As can be noticed the string type is a str47. I wish to perform a 1:m merge with using data, with country as the mergng variable. In the using data, the same country, Afghanista, is inputted as:

----------------------- copy starting from the next line -----------------------

Code:

* Example generated by -dataex-. To install: ssc install dataex clear input str19 country "Afghanistan" end

------------------ copy up to and including the previous line ------------------

As can be seen, Afghanistan is spelt the exact same way, but is now coded as a str19 variable. As such, when I perform a 1:,m merge using the using data, I get precisely 0 merges. Is there a solution to this problem?

Thanks!
Tags: None
Chinmay Sharma

Join Date: Nov 2015

Posts: 351
#2

20 Jun 2018, 09:10

I think it might actually be the space right before Afghanistan that is causing the issue. I'll look into it.
Comment
Marcos Almeida

Join Date: Apr 2014

Posts: 4047
#3

20 Jun 2018, 09:20

If you have many situations like this, maybe - strtrim() - will be helpful.

Best regards,

Marcos
1 like
Comment
Chinmay Sharma

Join Date: Nov 2015

Posts: 351
#4

20 Jun 2018, 09:21

Thank you. I'll look into it.
Comment
Rich Goldstein

Join Date: Mar 2014

Posts: 4471
#5

20 Jun 2018, 09:23

always a good idea to use the trim functions before trying something like this; to get rid of leading and or trailing blanks, use "strtrim" (or its unicode friend if needed); if you think you might also have multiple internal blanks and want to trim those to just one, look at "stritrim" - another string function; you can use

Code:

help function

and click on "string functions" to find the help files
Comment
Chinmay Sharma

Join Date: Nov 2015

Posts: 351
#6

20 Jun 2018, 09:50

I did use strltrim, but to no avail. Number of matches produced continue to be 0. Could this be because of the Str47 vs Str19 nature of the string variables?
Comment

William Lisowski

Join Date: Dec 2014
Posts: 10150

20 Jun 2018, 10:51

Your problem has nothing to do with str47 v. str19 - Stata is (really, most languages are) smart enough to deal with that difference itself, not by forcing the user to make changes.
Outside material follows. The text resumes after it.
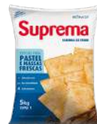
CÓDIGO: 805 FARINHA ESPECIAL PARA PASTEL E MASSAS FRESCAS SUPREMA 5 KG

Since you don't show us your code and output, the best I can do is show you my code, which works, and leave it to you to compare it to your code and find your problem.

Code:

* Example generated by -dataex-. To install: ssc install dataex
clear
input str19 country
"Afghanistan"
end
replace country = strtrim(country)
tempfile using
save `using'
* Example generated by -dataex-. To install: ssc install dataex
clear
input str47 country
" Afghanistan"
end
replace country = strtrim(country)
merge 1:m country using `using'

Code:

. merge 1:m country using `using'

    Result                           # of obs.
    -----------------------------------------
    not matched                             0
    matched                                 1  (_merge==3)
    -----------------------------------------

Comment

Chinmay Sharma

Join Date: Nov 2015

Posts: 351
#8

20 Jun 2018, 11:41

Thanks a lot for your solution- I cannot post more data because of confidentiality reasons. I tried the solution, but I have noticed the problem. Take for example:

clear
input str47 country
" Canada"
end
[/CODE]

I type to remove the space:

Code:

replace country=strtrim(country)

However, I obtain: a message saying that 0 real changes have been made, after which point,I still obtain data of the form:

* Example generated by -dataex-. To install: ssc install dataex
clear
input str47 country
" Canada"
end
[/CODE]

I am not sure if this has to do with other observations in the dataset, but it seems to me that the strtrim command does not make a difference in my dataset.
Comment
Jorrit Gosens

Join Date: Jan 2015

Posts: 1019
#9

20 Jun 2018, 11:49

Surely you shoudl be able to post actual data on the country names. Just select that variable only by doing

Code:

dataex country

Potentially there are leading/trailing characters that are not recognized by strtrim. The exact data example and code you post in #8 work as they should.
Comment

Chinmay Sharma

Join Date: Nov 2015
Posts: 351

#10

20 Jun 2018, 11:54

Here is the country \data:

Code:

* Example generated by -dataex-. To install: ssc install dataex
clear
input str47 country
" Canada"       
" Norway"       
" Indonesia"    
" Greenland"    
" Russia"       
" Philippines"  
" Japan"        
" Australia"    
" United States"
" Antarctica"   
end

If I type:

Code:

replace country=strtrim(country)

I still obtain:

Code:

* Example generated by -dataex-. To install: ssc install dataex
clear
input str47 country
" Canada"       
" Norway"       
" Indonesia"    
" Greenland"    
" Russia"       
" Philippines"  
" Japan"        
" Australia"    
" United States"
" Antarctica"   
end

Comment

Marcos Almeida

Join Date: Apr 2014

Posts: 4047
#11

20 Jun 2018, 11:55

Have you tried this?

Code:

. gen myvar = strtrim(country)

P.S.: your - replace - command works fine to me.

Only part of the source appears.